Огненная река подбирается к нам всё ближе. Нестерпимый жар опаляет кожу, заставляя волоски перьев скручиваться и зловонно чадить. Я не ухожу вслед за Цертиссом. Мне некуда идти — у меня нет своей воли. Воля Сергея непонятна, но я остался с ним разделить неизбежное. Он может одуматься и уйти. Может. Но не желает. Да, он не ценит свою жизнь — она пуста. Не ценит мою жизнь, которая есть лишь вырванный из небытия плевок. Но как же жизни других людей? Тех, что внизу?

Я спросил. Но разве ответит тот, кто не может совладать с внутренней болью? Для него вся жизнь — боль. А смерть — освобождение.

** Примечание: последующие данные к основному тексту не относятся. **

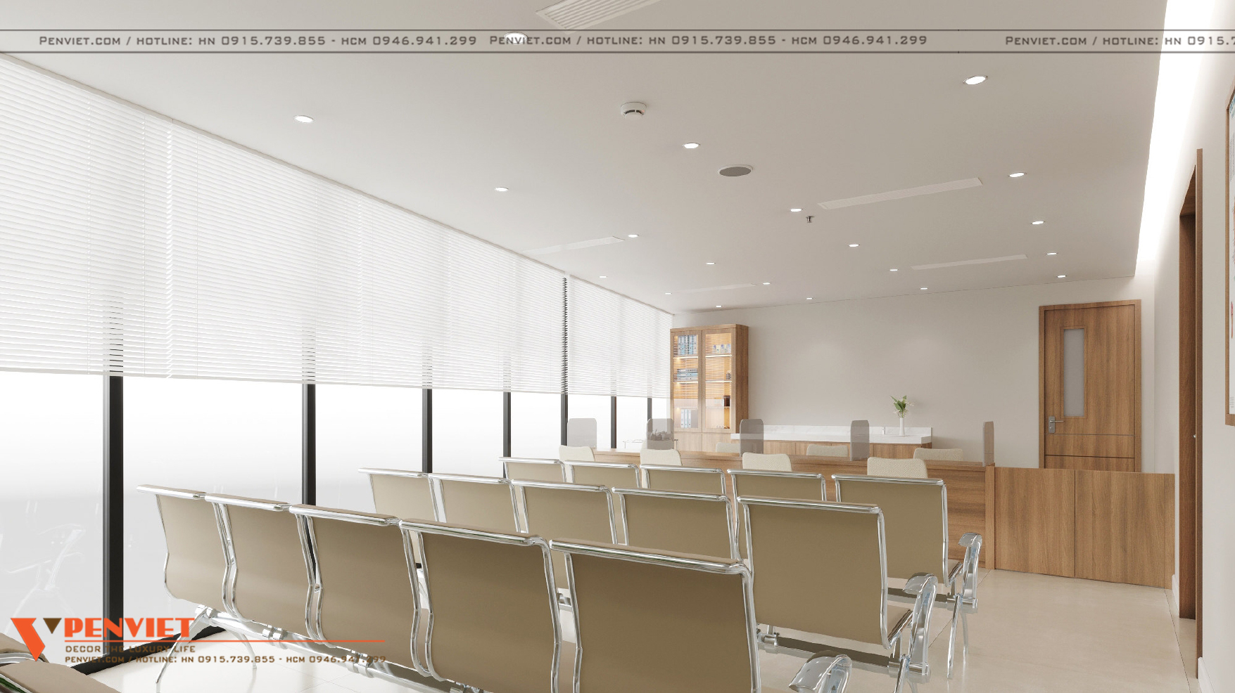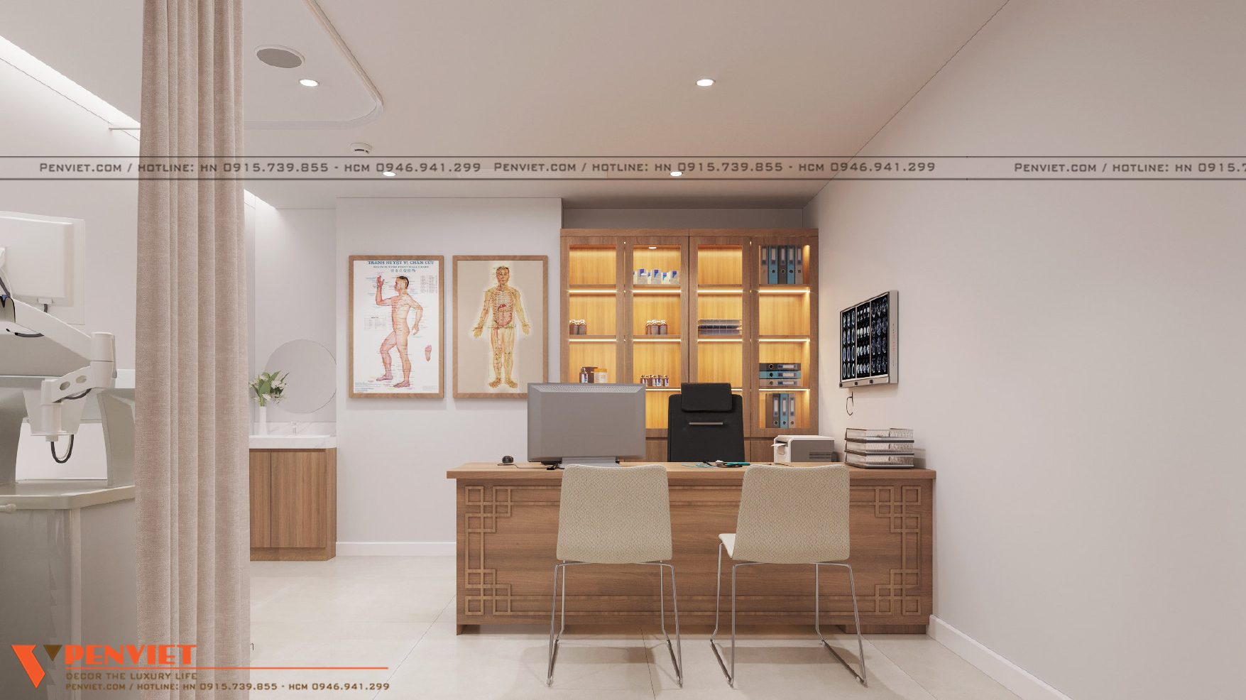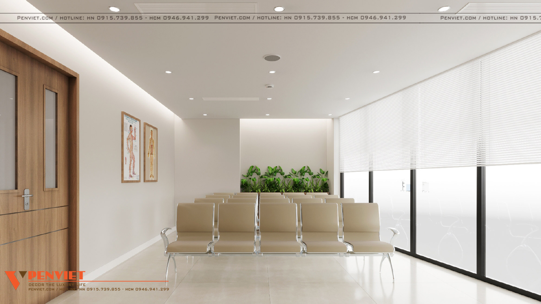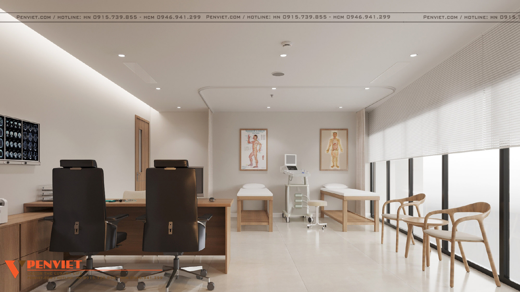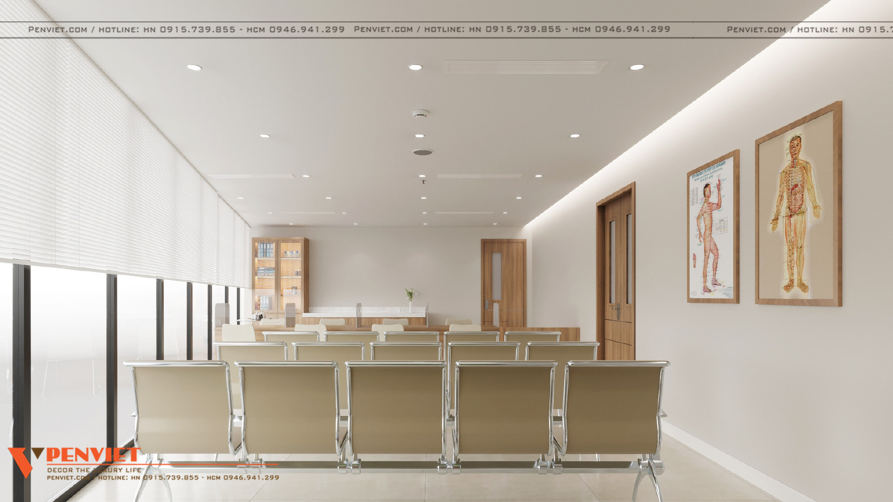 Bệnh nhân đến khám chữa bệnh thường mang tâm lý lo lắng, e ngại. Do vậy Penviet đã bố trí đồ nội thất, trang trí không gian một cách vừa đủ để thiết kế phòng khám trở nên thoáng rộng, giúp người bệnh bớt lo lắng.

Он не слушает здравых рассуждений. И не должен их слушать. У него свой мир. Только там он может найти ответ на вопрос, который задаст сам.

— Если б я мог… Если б я мог… — тихо говорил Сергей, глядя на раскаленную поверхность.

— Невозможно остановить ярость камня. Люди уйдут. Мы останемся.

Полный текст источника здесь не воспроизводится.